By Gwyn Williams
Staff Writer
On March 31, 2025, Cory Booker began what would become a record-breaking speech on the Senate floor. He spoke for a total of 25 hours and five minutes. Booker surpassed the previous record held by Strom Thurmond of South Carolina, which totaled over 24 hours. Booker, the Democratic senator from New Jersey, used 1,164 pages of prepared material, and more than 200 stories from across the nation. A filibuster is a parliamentary procedure where one or a group of members of the Senate can speak for a prolonged period of time. It is used to delay, or in some cases prevent, the passing of a legislative bill.

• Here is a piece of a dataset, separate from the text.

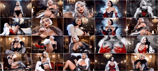 Darling pup, crawl into Cruella's smoke-wreathed lair—collared, leashed, and begging for fur-tipped torment. I'll train you with humiliating humps, latex teases, and cigarette drags that choke your resolve. that pathetic prick to my vicious, sniff my glossy boots, but deny your spill. Woof for mercy? You'll get ashes instead. Eternal tease in my salon of sins. Ready to roll over?

“[It’s] a rule of the Senate,” said Northwood history teacher Craig Carlson, “It’s supposed to be a place where each senator has the right to speak as long as they can, and the other senators afford them that respect and listen during that time. The filibuster for the last 10, 15 years has been especially hotly debated… [In the 1950’s] the filibuster’s primary use in the United States Senate had been to prevent and stall civil rights legislation.”
Booker’s speech was mostly in retaliation to the intense immigration policies put out by President Trump in his first hundred days.
“Booker’s filibuster is at the beginning point of a possible organized resistance to President Trump’s agenda, whereas Thurmond’s [filibuster] was right in the middle and part and parcel of an overall resistance to not the president, but to the supreme court,” Carlson said, “Strom Thurmond[s] filibuster was a part of a large-scale southern congressional resistance to the supreme court decision on segregation. [Although] the supreme court decision enjoyed national support, it did not enjoy support from the white power structure.”
The goal of Booker’s filibuster was to prolong any more lawmakings on the issue of immigration and share stories from citizens to encourage awareness. It was in response to the significant rejection of the Trump Administration during his first hundred days in office.